Luis Emilio no le vio problema ninguno. Aceptó y arrancó. No se le olvida la fecha: 4 de febrero de 1984. ‘Noticiero Económico de la Costa’ era el nombre del programa. Lo bautizó así, inspirado en el programa, ‘Noticiero Económico Antioqueño’ que su mentor, Jota Enrique Ríos, con quien se mantenía en contacto, había fundado en Medellín. En su aventura, a Luis Emilio lo acompañó su hermana menor, Mabel del Carmen Rada.

“Amigos y allegados nos dijeron que el horario era fatal, que nadie nos escucharía, pero Luis Emilio tenía fe en lo que quería: ‘enseñaremos a la gente a que madrugue a escuchar información económica’, dijo. Desde ese momento, de manera ininterrumpida, Luis Emilio, en diferentes emisoras y en diferentes horarios ha mantenido su proyecto por espacio de 35 años en el aire con calidad y alta credibilidad”, señala Mabel del Carmen.

Admite Luis Emilio que ‘Chichi’ Vasallo fue fundamental en la consolidación del programa, pues además de creer en él, le enseñó a Mabel a manejar la consola para que no dependieran del operador de turno en caso de que este faltara en algún momento.

“Desde el principio, nuestro programa se confeccionó de manera ordenada. Yo mismo escribía el libreto y sacaba tres copias: una para mí, una para Mabel y otra para el control. Sin exagerar, el ‘Radar’ era y sigue siendo una especie de noticiero de televisión en radio. Desde ‘los buenos días’ hasta el ‘Muchas gracias por escucharnos’ lo teníamos ‘libreteado’. Se podía improvisar, pero de una manera mesurada. Estaba escrito lo que Mabel y yo íbamos a decir, pero había la libertad de comentar para no parecer acartonado. Después grabábamos con antelación el programa hasta que finalmente lo hicimos en vivo”, aclara Luis Emilio.

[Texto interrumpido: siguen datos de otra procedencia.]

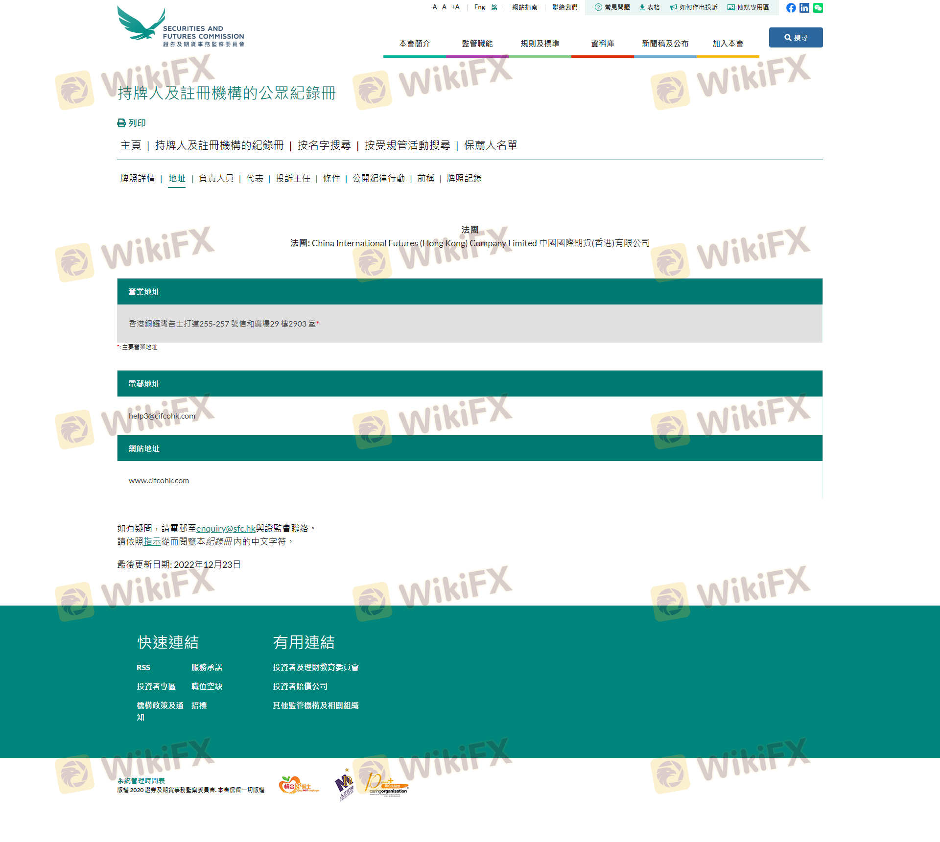 Mengenai legitimasi broker forex China International Futures (Hong Kong) Company Limited, ia menyediakan Hong Kong SFC, dan (Kami juga melakukan investigasi lapangan terkait aspek keamanan.).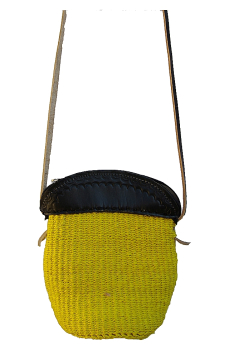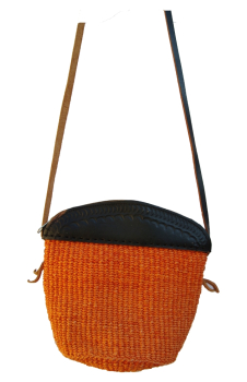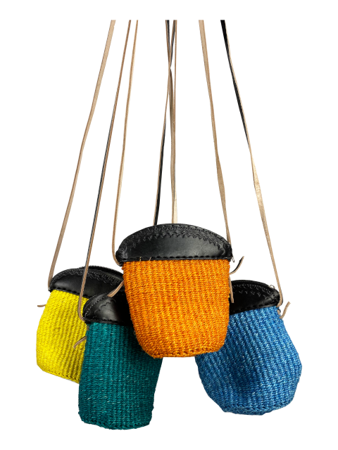 Umhängetasche aus der Agavenfaser Sisal in Kenia handgefertigt. Robuste und farbenfrohe Verarbeitung mit Lederriemen und Kedereinfassung am Reißverschluß.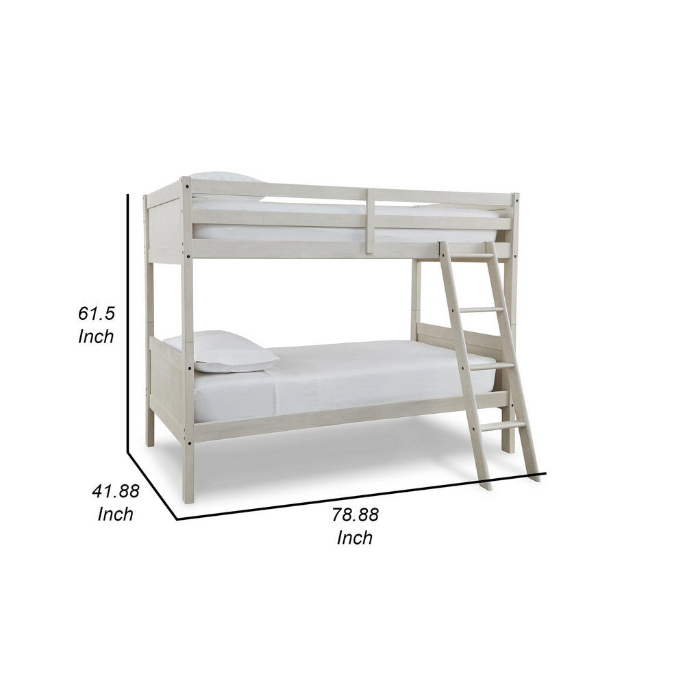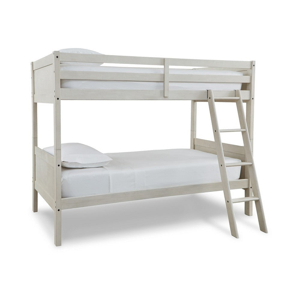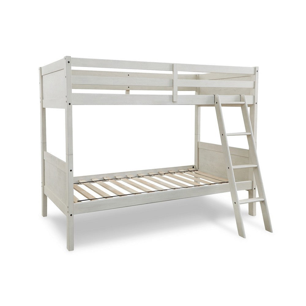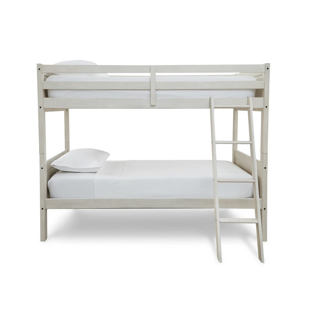 Ashley Lea Twin Size Bunk Bed, Wooden Ladder, Crisp White

Al tercer mes de estar al aire, el noticiero cambió de sábado a domingo, pero continuó en la misma franja: 7 de la mañana. A los oyentes que fueron colonizados no les importó el cambio de día.

‘Radar Económico’

Un viaje que Luis Emilio efectuó a Medellín, en plan de vacaciones, le determinaría su futuro en el periodismo. Dialogó con su antiguo director, Jota Enrique Ríos, y le manifestó su interés de crear un noticiero diario y contar con su vinculación, como socio. A Jota le agradó la idea, le dio el aval y le propuso cambiarlo de nombre:

“Póngale ‘Radar Económico’. Es una combinación de su apellido y el mío porque vamos a ser socios. Al final, agréguele R de Ríos. Póngalo a consideración de su familia, a ver qué opinan. Regrese a su tierra y me comenta después”, le sugirió Jota.

De regreso a Barranquilla, y después de consultar con su esposa Yaneth, no quedó duda ninguna: el noticiero se llamaría ‘Radar Económico’ y su emisión sería diaria. Nacería así un espacio radial especializado en la difusión de los recursos, la riqueza, la producción, distribución y consumo de bienes y servicios para satisfacer las necesidades humanas. ‘Radar Económico’ se convertiría en referente del periodismo de la región Caribe colombiana. Más tarde, Jota Enrique cedería el 20% que le correspondía de la sociedad, y Luis Emilio quedaría como único dueño de ‘Radar Económico’. “Eso es suyo, no lo deje caer ni mucho menos morir. Le auguro éxitos. Solo tienes que ser constante y no perder nunca la pasión. Confío en ti”, fue lo único que le pidió el experimentado periodista antioqueño.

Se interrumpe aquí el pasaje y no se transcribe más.